Я ощущал это периферийным зрением, улавливая смутные движения глазами и даже бровями, словно жившими своей жизнью. Как в детстве, когда играл в компьютерные игры. Их виртуальная среда не позволяла смотреть вверх или вниз более, чем на несколько градусов, – даже переходя с одного уровня сложности на другой. Здесь меня преследовало то же ощущение: нестерпимое желание увидеть то, что сверху. Желание обещало скорую боль в глазах. Но хотелось быть вполне уверенным в пространстве, что открывалось над головой. Форма находившихся над нами мерцавших поверхностей подразумевала определенный наклон, оставляя неясное чувство, будто вот-вот окажешься в перевернутом положении. Наверное, таковы были особенности привычного чужим существам окружения. Следствие того, что вся структура состояла из тонких, словно яичная скорлупа оболочек, готовых лопнуть в любой момент от первого же неловкого движения. Лопнуть, отправив тебя в пустоту. Наваждение.
К этому нужно привыкнуть.
И зал не был совершенно пустым. По периметру виднелись расставленные на уровне пола скелетные конструкции.
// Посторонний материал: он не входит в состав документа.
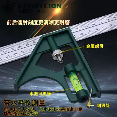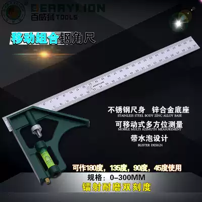 Stainless steel combination angle ruler Multifunctional woodworking horizontal movable right angle ruler Steel plate ruler 45 degree turning ruler

Я вспомнил знакомые с детства голограммы – марсианские насесты, заполненные виртуально реанимированными моделями. Здесь и сейчас насесты оказались совершенно пустыми, что придавало каждому из них сверхъестественно мрачный вид, нагнетавший предчувствия и без того нехорошие.
– Их почему-то сложили, – вполголоса пробормотала Вордени, вглядываясь куда-то вверх. Она выглядела озадаченной.
На изогнутой стене, не слишком высоко, находились машины, о назначении которых я мог лишь гадать. По-видимому, в их задачу входила постановка и уборка насестов. Почти все конструкции были сложными, и выглядели они угрожающе шипастыми. Однако когда археолог прикоснулась к той, что стояла с краю, не произошло ровно ничего плохого. Раздался неясный рокот, и машина, будто проявив норов, перевернула часть шипов.
Тут же что-то взвыло. Затрещал пластик. А в руках всех находившихся в зале людей мгновенно появилось оружие.
– Ради бога…
Вордени едва удостоила нас взгляда.
– Расслабьтесь. Все выключено. Это просто машина.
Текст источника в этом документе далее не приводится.